*DATA FOR THE TASK*
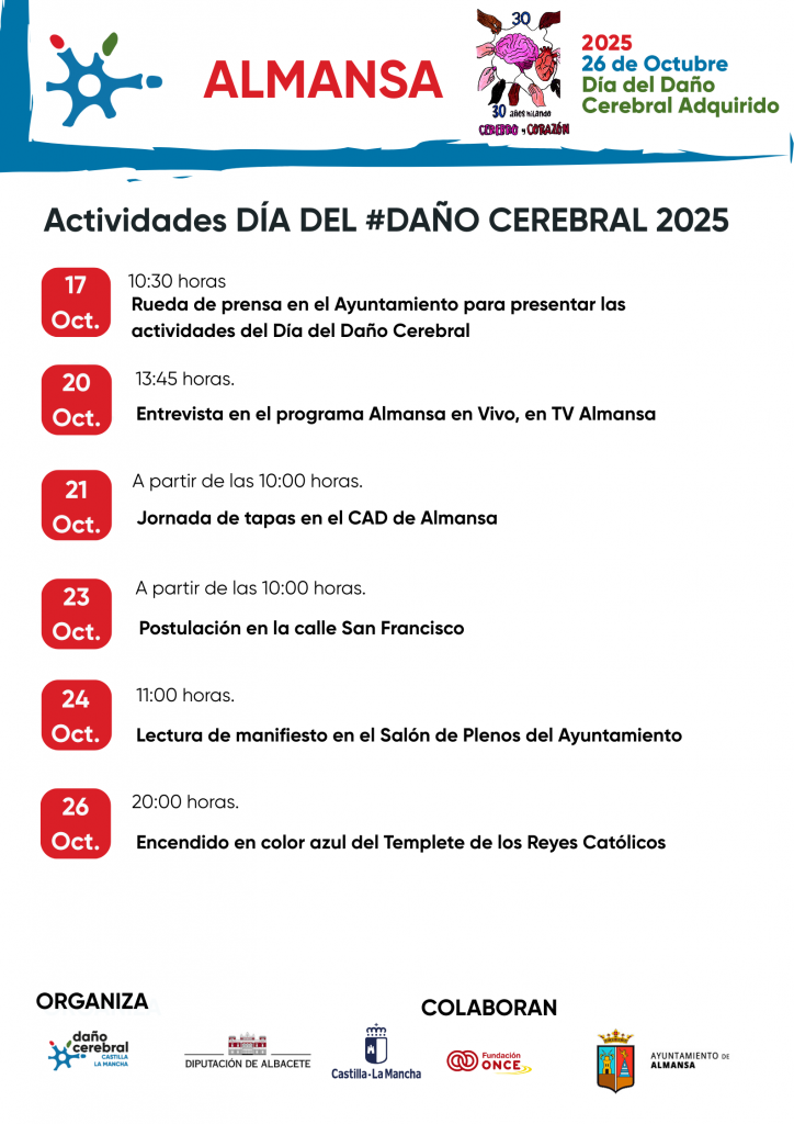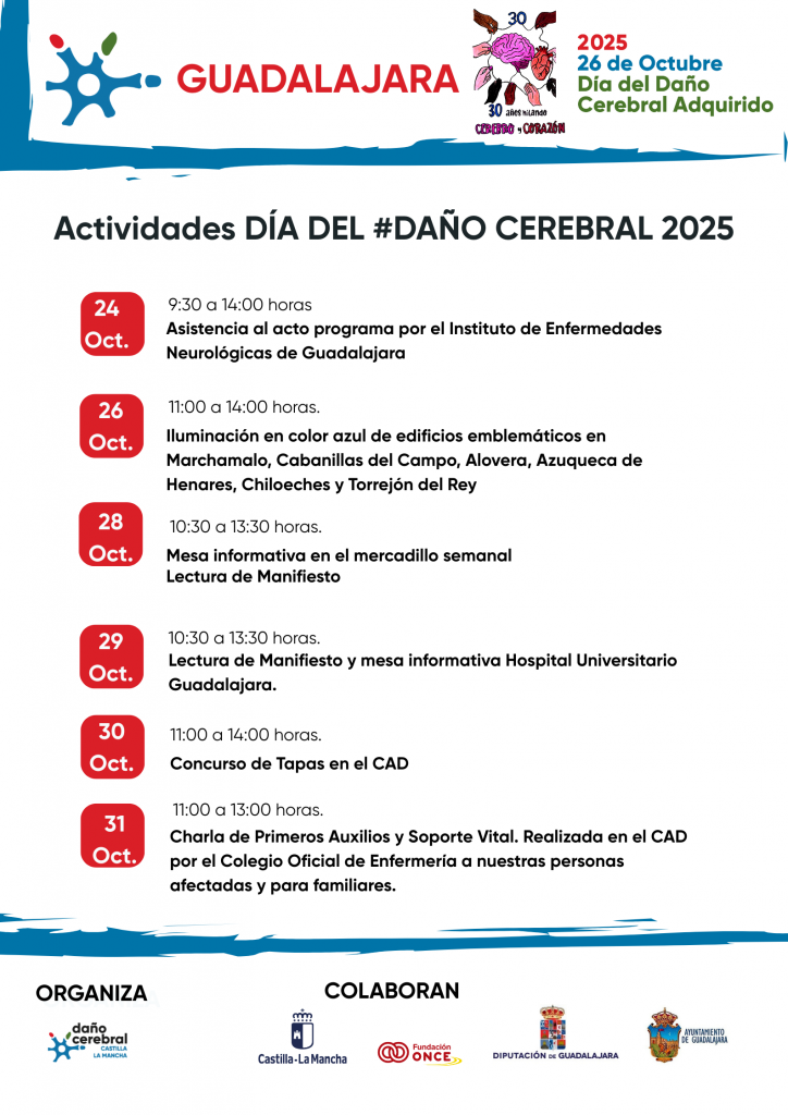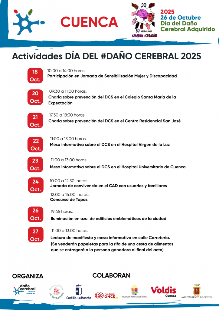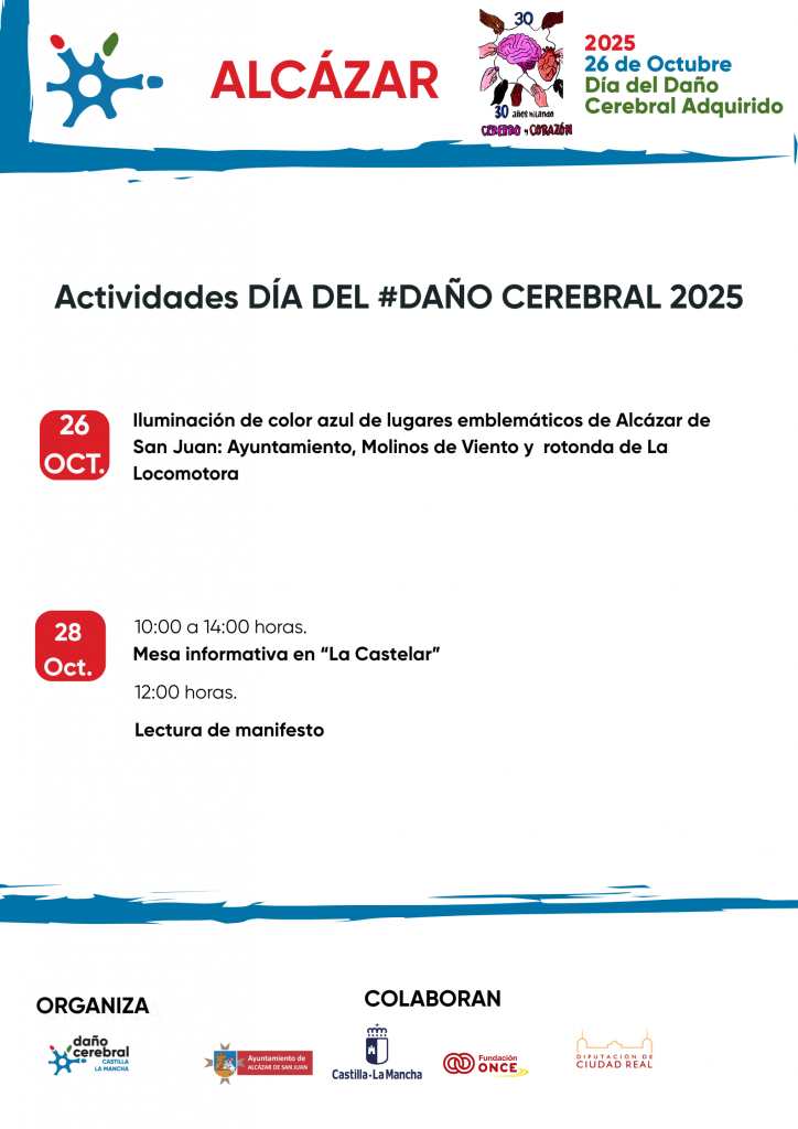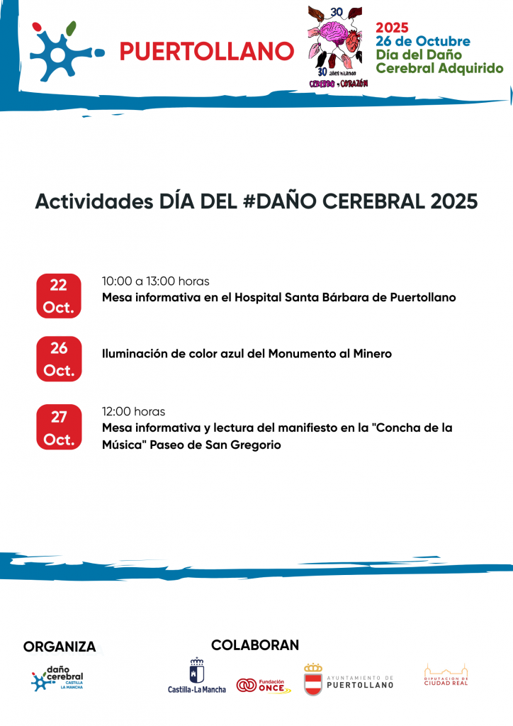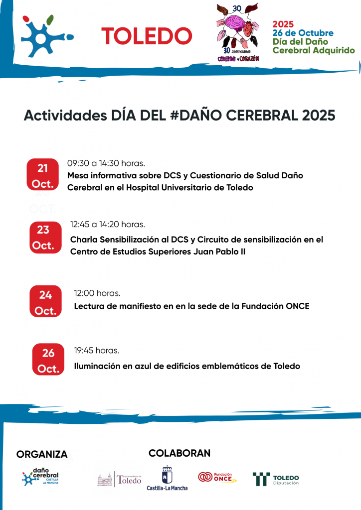 La asociación de Daño Cerebral Sobrevenido de Castilla-La Mancha ha organizado cerca de 40 actividades en diversos municipios de la región con motivo del Día del Daño Cerebral que se celebrará el próximo 26 de octubre. El acto institucional acogerá en la presente edición una charla-coloquio en la que participarán profesionales y afectados y donde se abordará la Vida Independiente de las personas con daño cerebral y las infraestructuras necesarias para alcanzar esta meta.
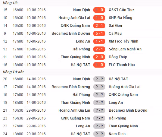 Kết quả vòng 1/8, lịch thi đấu tứ kết Cúp Quốc gia 2016
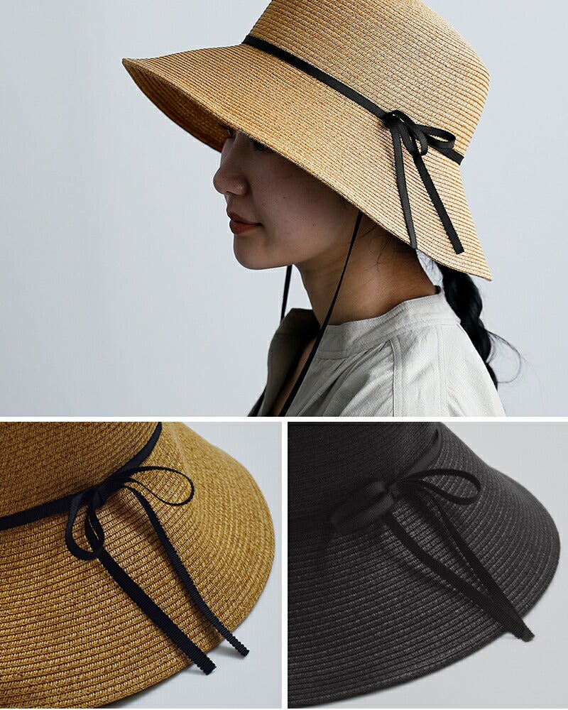 ペーパーブレード素材を使用した、軽やかな被り心地のキャペリンハット。
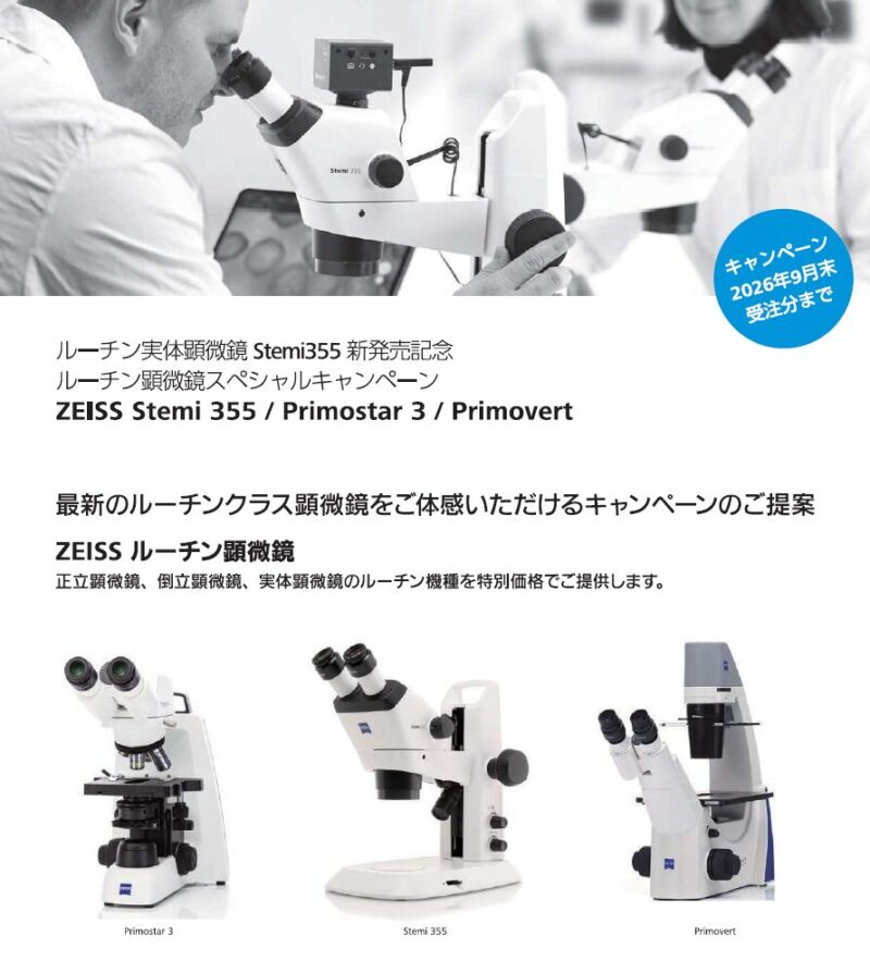 新製品のルーチン型顕微鏡Stemi355をいきなり特別価格でご提供。そのほか正立顕微鏡・倒立顕微鏡もスペシャルパッケージでご提供します。詳しくはコチラ。
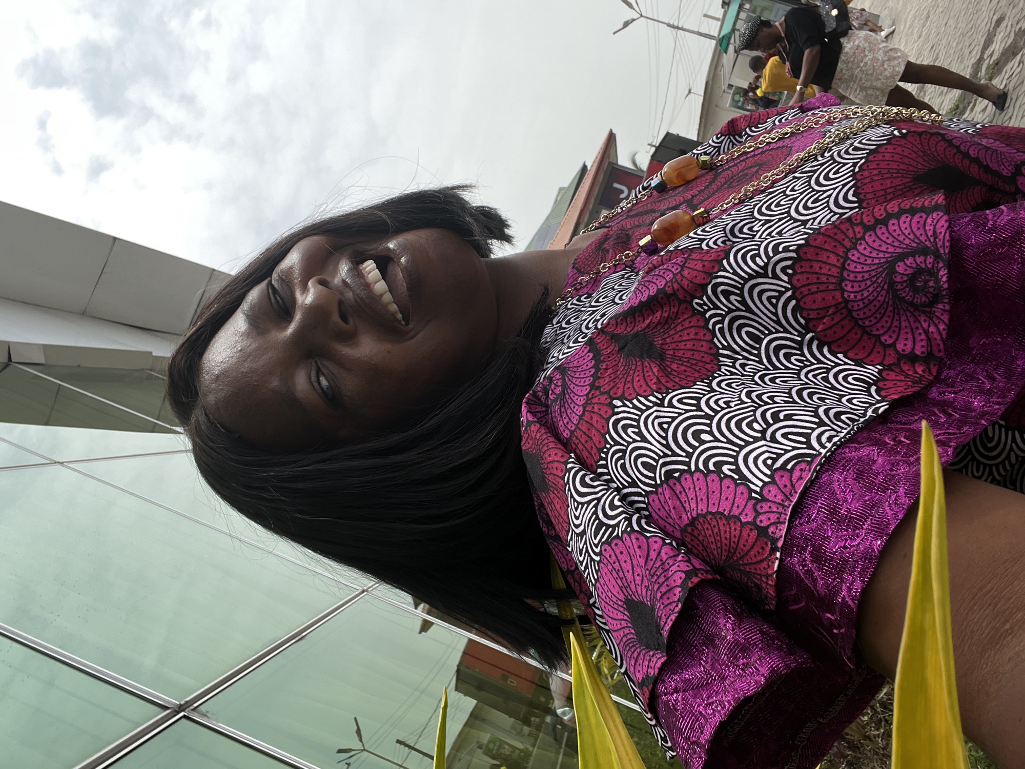 A medium shot captures a dark-skinned woman smiling at the camera. She wears a vibrant, patterned dress in shades of pink, black, and white, adorned with a gold chain necklace featuring amber-colored beads. The woman has short black hair. A modern glass building, possibly an office or commercial space, is visible in the background. Ado, Nigeria is the location based on the person's description. A pedestrian walks in the background.

*EXERCISE GOAL*
Nothing but an exact copy is needed, covering the lines from the line with "ペーパーブレード素材を使用した、軽やかな被り心地のキャペリンハット。" through the last line of the entries, pictures excluded.

*SOLUTION*
 ペーパーブレード素材を使用した、軽やかな被り心地のキャペリンハット。
 新製品のルーチン型顕微鏡Stemi355をいきなり特別価格でご提供。そのほか正立顕微鏡・倒立顕微鏡もスペシャルパッケージでご提供します。詳しくはコチラ。
 A medium shot captures a dark-skinned woman smiling at the camera. She wears a vibrant, patterned dress in shades of pink, black, and white, adorned with a gold chain necklace featuring amber-colored beads. The woman has short black hair. A modern glass building, possibly an office or commercial space, is visible in the background. Ado, Nigeria is the location based on the person's description. A pedestrian walks in the background.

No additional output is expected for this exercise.